向かいの席では、私服姿の安藤まひるが、テーブルの上に置かれた大盛りのオムライスとエビフライのセットを前にして、目を輝かせていた。白いブラウスにデニムのスカートという、活動的で彼女らしい服装だ。
「いただきます!」
まひるはスプーンを手に取り、オムライスの中央に切れ目を入れた。卵がとろりと崩れ、中から湯気を立てたチキンライスが顔を出す。たっぷりとデミグラスソースを絡めて口に運ぶと、まひるの顔がパァッと明るくなった。
「んー! すっごく美味しいです、主任! 卵がふわふわで、ソースのお肉のコクがしっかりしてて!」
「それは良かった。現場の仕事が続いたからね。たまにはしっかり炭水化物を摂らないと」
高木は自身の前に置かれたポークジンジャーをナイフで切り分けた。厚切りの豚肉に、生姜の風味が効いた甘辛いソースがしっかりと絡んでいる。一口食べると、豚肉の脂の甘みを、生姜のキリッとした辛味が爽やかに切り裂いていく。白飯をかき込みたくなる、計算された濃いめの味付けだった。

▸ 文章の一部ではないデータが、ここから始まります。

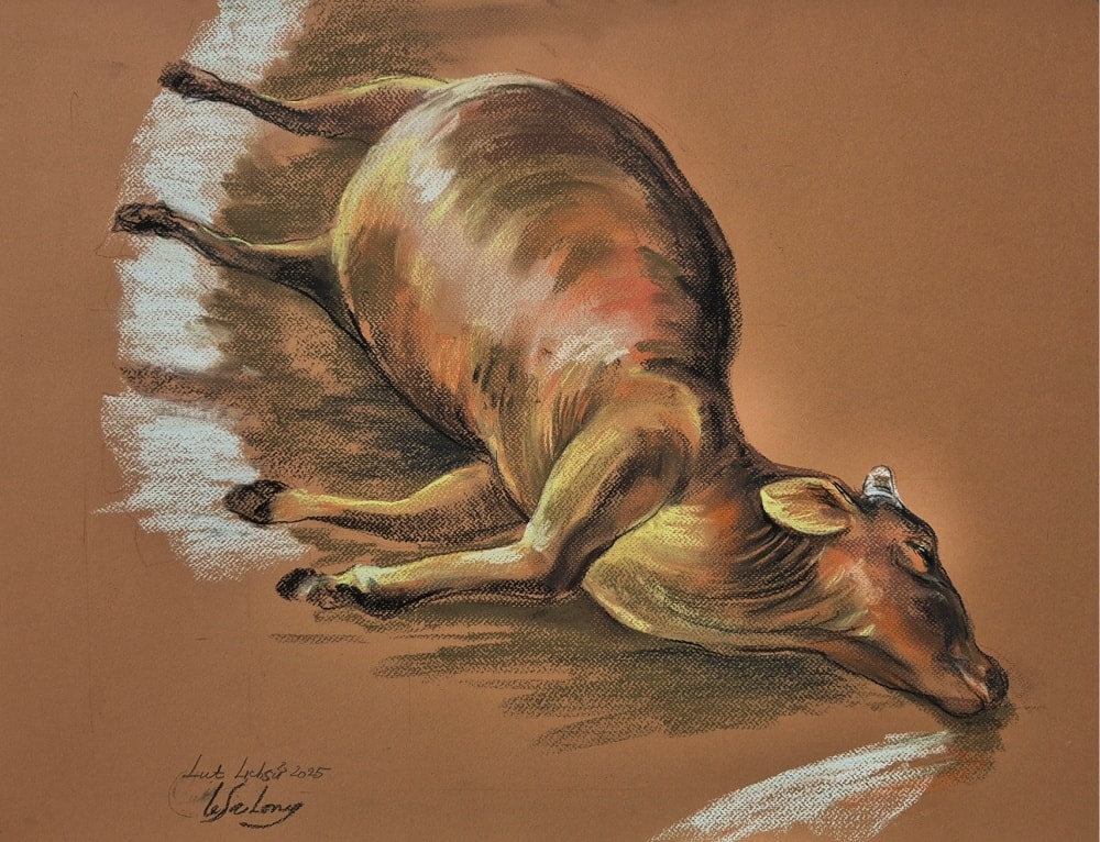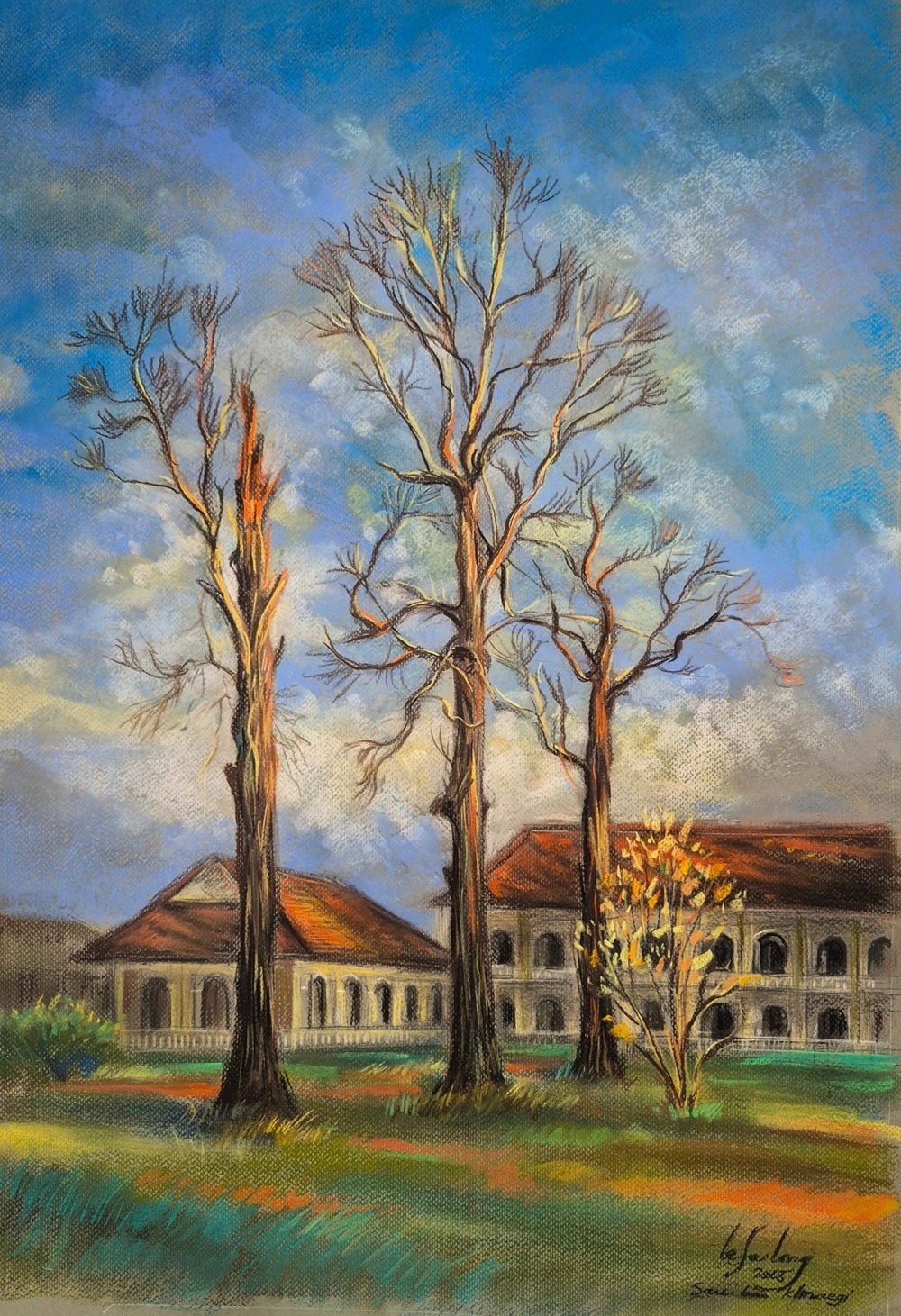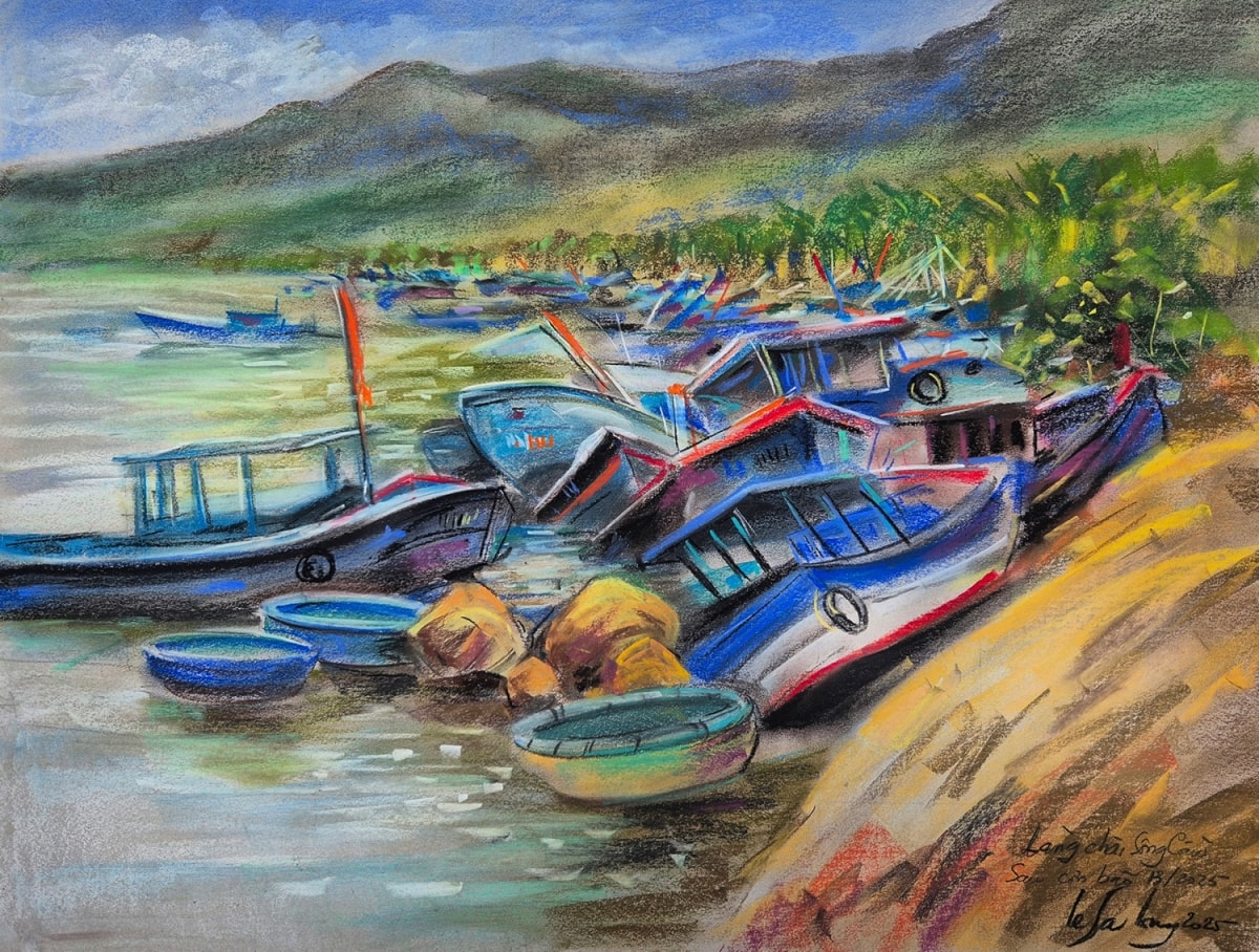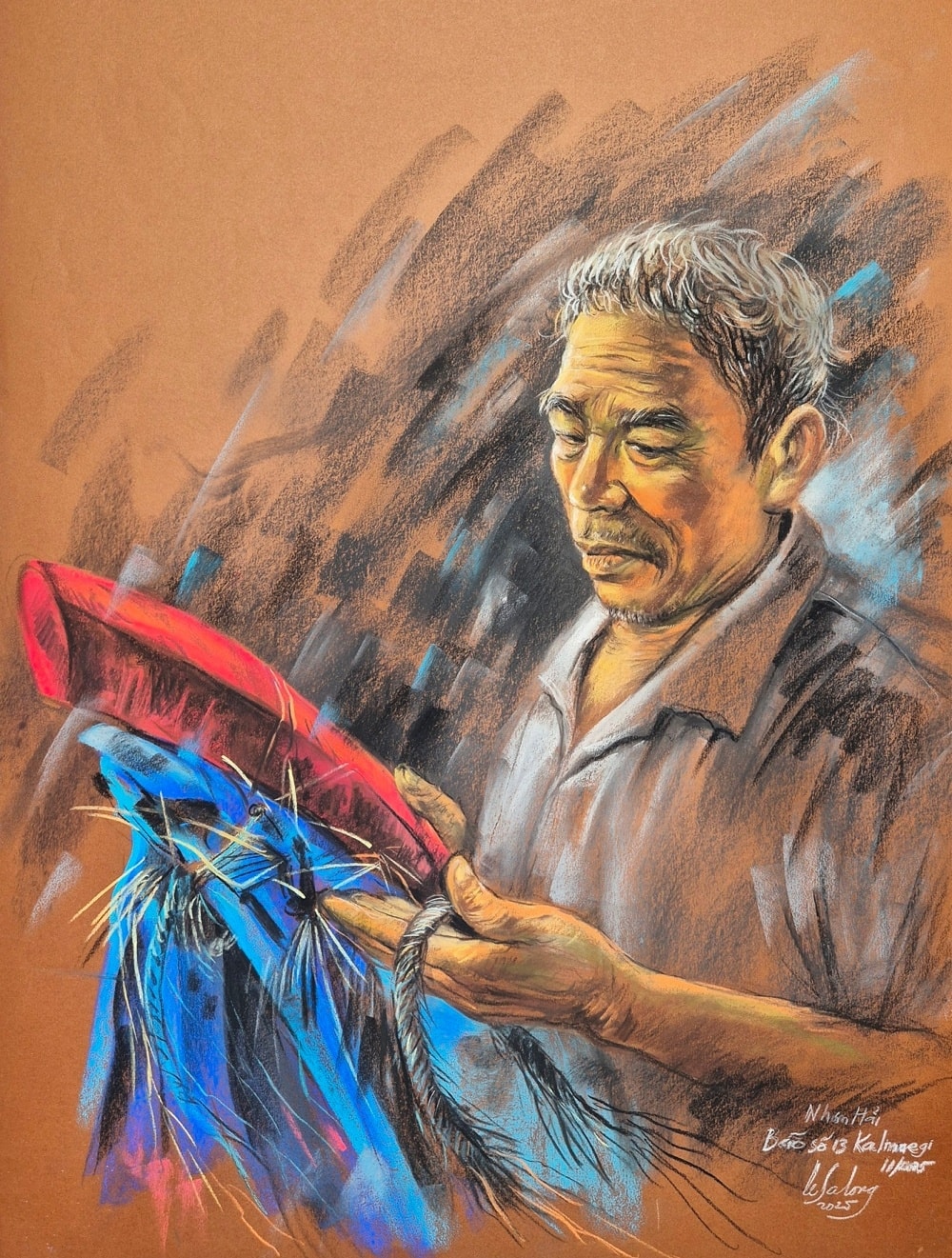 Cảnh cụ già được đưa khỏi nhà bị ngập nóc, những đoàn xe cứu trợ về miền Trung, được họa sĩ Lê Sa Long khắc họa.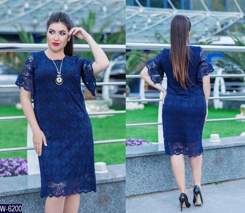 Платье W-6200 Размеры: 50, 52, 54, 56, 58, 60 мод 511 ткань:кружево+масло+кулон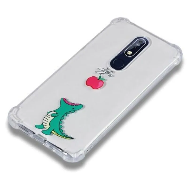 Patty zselés tok megerősített sarkokkal Nokia 7.1 készülékhez - dinoszaurusz és alma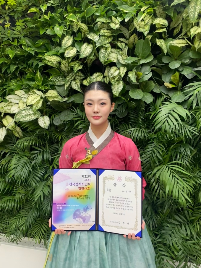 신정인 학생은 학생부 최고상인 대장원과 함께 경기도지사상을 받았다. 신정인 학생은 그간 전국 단위 경연에서 꾸준히 수상하며 국악적 재능을 인정받아 올해 국립전통예술고등학교 민요과에 합격한 인재다.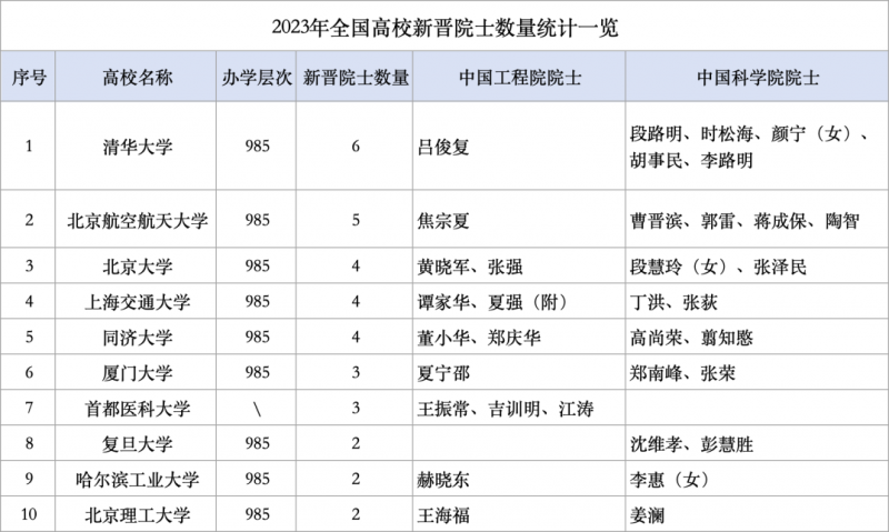 在2023年成功增选的133名院士中,其中共有85名来自全国50所高校(具体统计情况见下表)——其中,清华大学以6位新晋院士,名列全国高校第1名。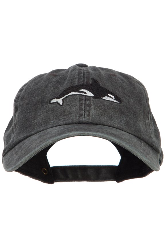 Killer Whale Embroidered Washed Cotton Cap - Black OSFM- s Orca Whale Hat Costume - One Size $20.39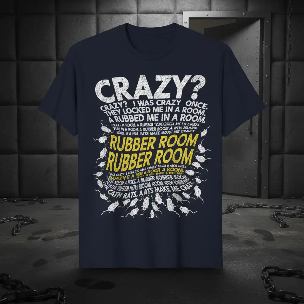 CRAZY? I WAS CRAZY ONCE. THEY LOCKED ME IN A ROOM, A RUBBED ME IN A ROOM. CRAZY M ROOM A RUBBER SCHIZOPHRENIA HA TH CAZTS TIES W A ROOM A RUBBER BOOM A WTV HOLAZTS WAOR AA IRM HATS MAKE MOICE ME CRAZY RUBBER ROOM RUBBER ROOM THE CRAZY I WALK CR AMS CRAZY MILK RACOR RACES. CRAZY? A ROOM A BOOR A ROOM. CRAZY? A BIOL A BOOR A WITH RACH. ROOM A ROCK A RUBBER ROOM ROOM. ROOM A RUBBER ROOM ROOM WITH ENGL WAFER WTH ROOM ROOM ROOM WITH ENGLIS CATH RATS. AATS MAKE ME CRAZY – CRAZY? I WAS CRAZY ONCE. THEY LOCKED ME IN A ROOM, A RUBBED ME IN A ROOM. CRAZY M ROOM A RUBBER SCHIZOPHRENIA HA TH CAZTS TIES W A ROOM A RUBBER BOOM A WTV HOLAZTS WAOR AA IRM HATS MAKE MOICE ME CRAZY This eye-catching t-shirt is designed for individuals who embrace their unique quirks and sense of humor. It features a detailed quote that plays on themes of perceived madness and confinement, all presented with a humorous twist. The striking typography and surrounding rat graphics create a memorable and conversation-starting design that’s sure to make an impact. It’s more than just a shirt; it’s a statement piece for those who aren’t afraid to be different.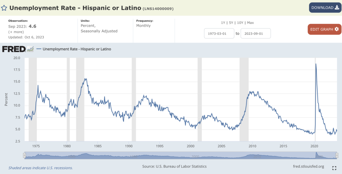 La tasa de desempleo entre hispanos para septiembre de 2023 (4.6%) era superior a la tasa general de desempleo (3.8%), y a la tasa de desempleo entre comunidades blancas (3.4%) y comunidades asiáticas (2.8%). La cifra sólo es superada por el índice de desempleo en comunidades negras (5.7%).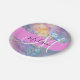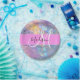 Nome do monograma holográfico e pratos de papel inicial, ligeiramente cor-de-rosa, pêssego e aqua. Seu nome personalizado e monograma são escritos em um elegante roteiro escrito à mão com um fundo rosa. Um aniversário perfeito ou presente de Natal!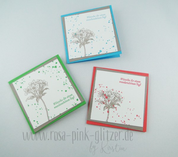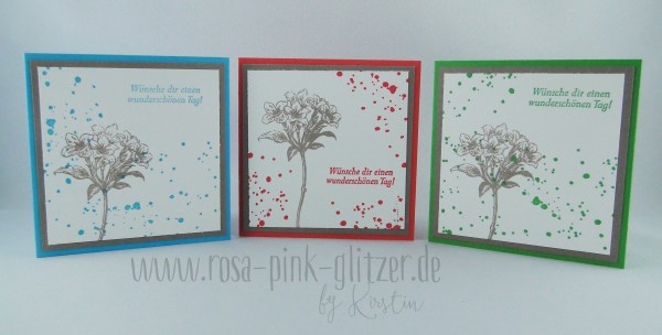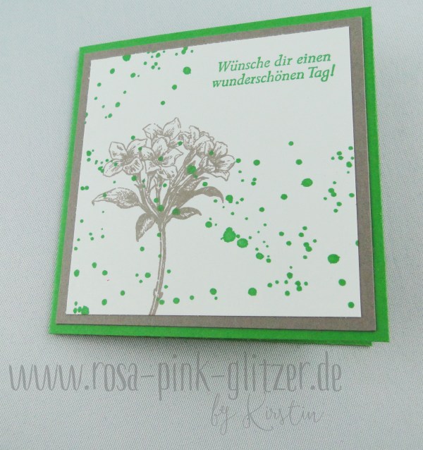 Die Rosen sind ebenfalls Teil des Segensfeste-Stempelset. Die „Flecken“ im Hintergrund schimmern übrigens so, weil ich sie in schwarz embosst habe. Ich finde, das verleiht dem ganzen ein wenig Glamour und passt super zum Trash-the-Dress-Thema.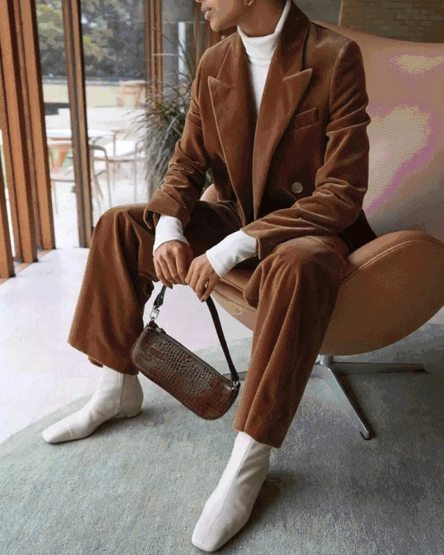 ○手抓感的拼接羊皮短靴与西装组合,颠覆了传统通勤装的刻板基因;

今日は、先日の不法投棄騒動や、違法魔物肉の調査におけるまひるの働きを労うためのランチだった。
まひるはエビフライにたっぷりとタルタルソースをつけ、サクッという音を立てて頬張る。
高木はポークジンジャーとライスを交互に口に運びながら、傍らに置いていた文庫本サイズの書籍を開いた。
本の表紙には『詳解・出入国管理及び難民認定法』と書かれていた。その下には『関税法実務』という別の分厚い書籍も重ねられている。
「主任、ご飯の時くらい仕事のこと忘れません? っていうか、それなんの本ですか?」
まひるが水を飲みながら、高木の手元の本を覗き込む。
「少し確認しておきたい条文があってね。外国籍の人間が国内で非合法な取引を行っている場合、我々地方自治体の権限だけでは踏み込めない領域が出てくる」
高木はページを繰り、特定の項目にペンで薄く印をつけた。
「警察や入国管理局と連携し、彼らを国外へ退去させるための法的根拠を整理しておく必要があるんだ」
「うわあ……相変わらずですね」
まひるは呆れたように笑いながらも、オムライスの最後の一口を綺麗に平らげた。
「ごちそうさまでした! あー、美味しかった!」
高木もポークジンジャーの皿を空にし、紙ナプキンで口元を拭いた。
「食後にデザートを頼むかい? ここのカスタードプリンは昔ながらの固めで美味しいらしいが」
「本当ですか!? 食べます!」
まひるが即答するのを聞き、高木は店員を呼んでプリンと温かいコーヒーを追加注文した。
運ばれてきた固めのプリンを嬉しそうに崩していくまひるを眺めながら、高木は温かいコーヒーを一口飲んだ。
深く炒られた豆の苦味が、食事の油をすっきりと洗い流していく。
高木はカップをソーサーに戻すと、手元の『出入国管理及び難民認定法』のページに再び視線を落とした。